• **WORK ITEM**
Copy, word for word, the lines of the listing below from the line with "В Индии отмечают" up to and including the line with "Трое аспирантов Сколтеха". Drop the pictures.

• **EXERCISE DATA**
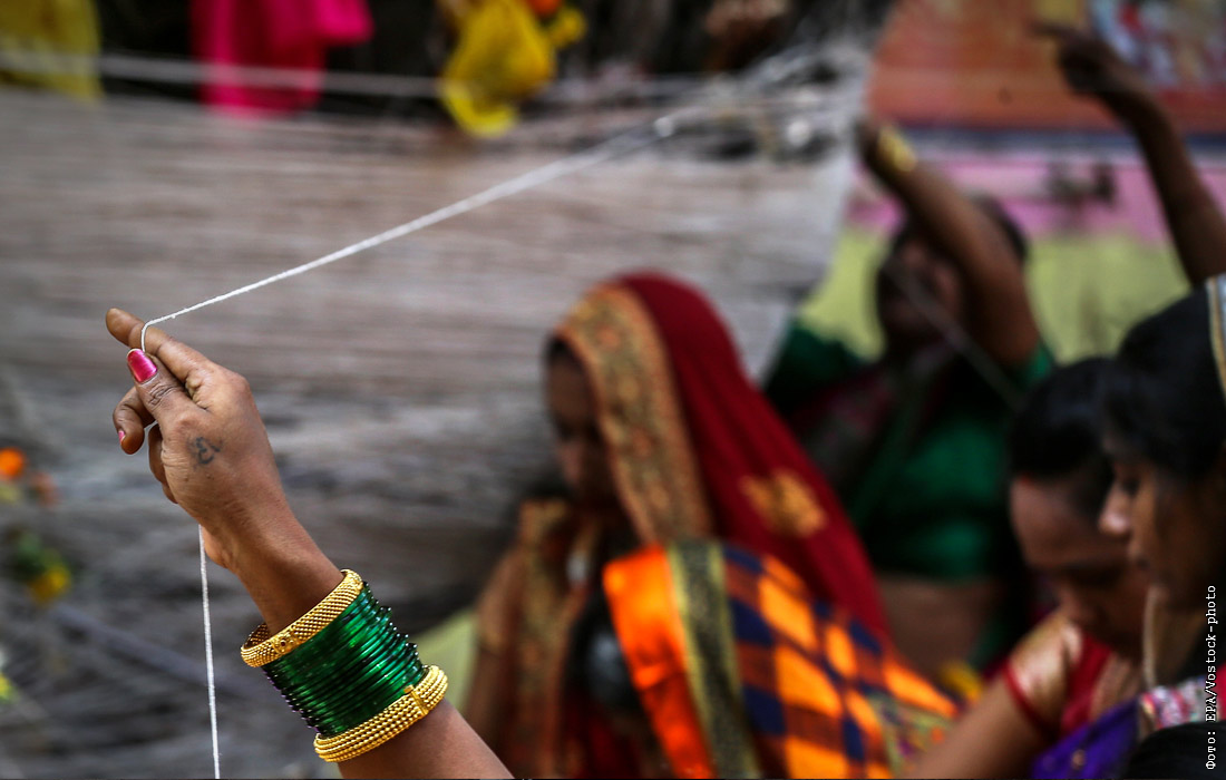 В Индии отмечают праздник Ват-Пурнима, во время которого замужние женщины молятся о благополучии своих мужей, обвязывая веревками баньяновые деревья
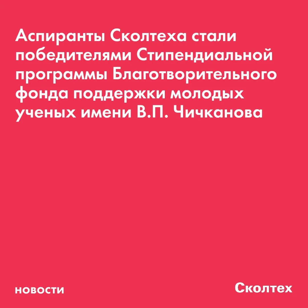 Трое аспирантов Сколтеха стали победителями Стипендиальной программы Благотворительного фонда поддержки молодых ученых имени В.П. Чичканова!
--
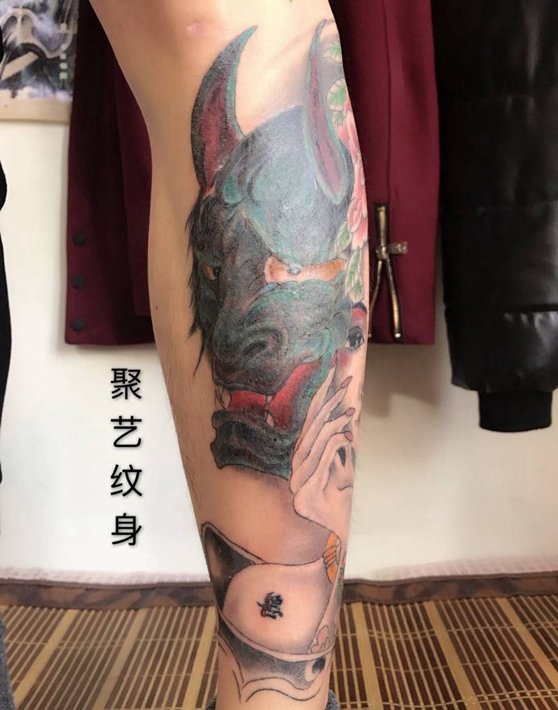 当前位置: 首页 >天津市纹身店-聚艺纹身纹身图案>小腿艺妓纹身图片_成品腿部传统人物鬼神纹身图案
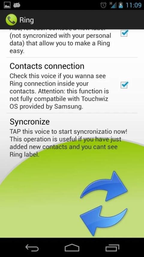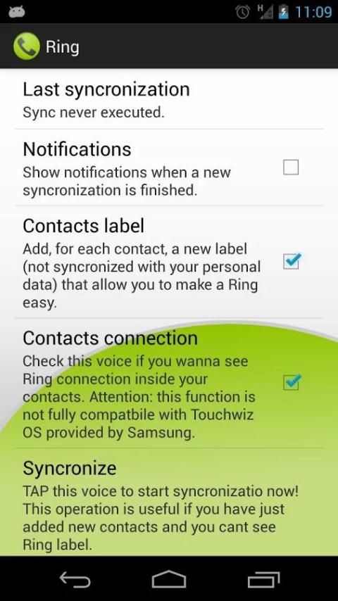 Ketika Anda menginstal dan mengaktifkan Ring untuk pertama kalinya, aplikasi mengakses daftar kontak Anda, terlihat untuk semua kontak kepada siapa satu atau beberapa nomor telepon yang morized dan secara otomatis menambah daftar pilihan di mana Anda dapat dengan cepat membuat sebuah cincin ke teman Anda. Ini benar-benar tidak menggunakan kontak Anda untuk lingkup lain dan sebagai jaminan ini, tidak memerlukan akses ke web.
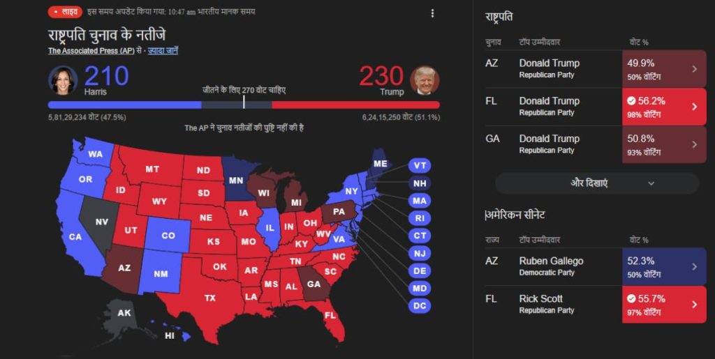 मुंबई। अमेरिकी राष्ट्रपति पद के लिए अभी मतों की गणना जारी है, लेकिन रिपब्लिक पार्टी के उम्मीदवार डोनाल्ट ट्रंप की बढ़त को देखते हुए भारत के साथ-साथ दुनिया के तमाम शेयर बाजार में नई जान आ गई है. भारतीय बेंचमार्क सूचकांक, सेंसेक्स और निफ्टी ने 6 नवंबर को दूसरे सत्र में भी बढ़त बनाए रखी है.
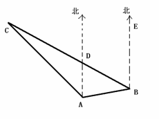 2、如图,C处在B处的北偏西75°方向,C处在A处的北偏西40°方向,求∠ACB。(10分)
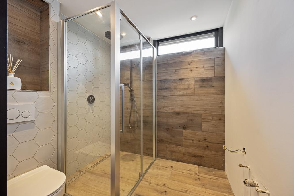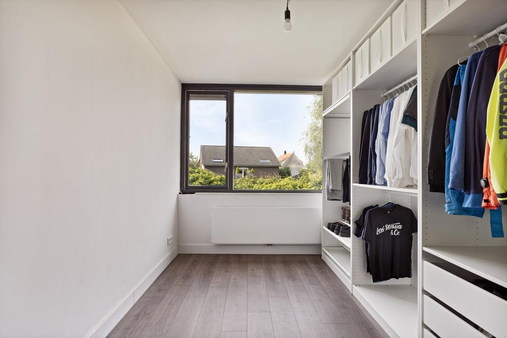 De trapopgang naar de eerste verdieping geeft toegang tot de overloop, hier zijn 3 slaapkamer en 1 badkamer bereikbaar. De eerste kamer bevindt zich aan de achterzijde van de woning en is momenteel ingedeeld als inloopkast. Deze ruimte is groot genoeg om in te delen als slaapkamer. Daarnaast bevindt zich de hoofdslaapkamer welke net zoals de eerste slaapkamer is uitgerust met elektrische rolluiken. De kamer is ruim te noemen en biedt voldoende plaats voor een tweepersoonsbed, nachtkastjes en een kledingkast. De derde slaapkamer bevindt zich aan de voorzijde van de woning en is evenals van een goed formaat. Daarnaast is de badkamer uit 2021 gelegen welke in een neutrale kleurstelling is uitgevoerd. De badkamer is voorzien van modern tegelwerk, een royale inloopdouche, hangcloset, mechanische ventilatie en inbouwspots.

• **WRITTEN RESPONSE**
 В Индии отмечают праздник Ват-Пурнима, во время которого замужние женщины молятся о благополучии своих мужей, обвязывая веревками баньяновые деревья
 Трое аспирантов Сколтеха стали победителями Стипендиальной программы Благотворительного фонда поддержки молодых ученых имени В.П. Чичканова!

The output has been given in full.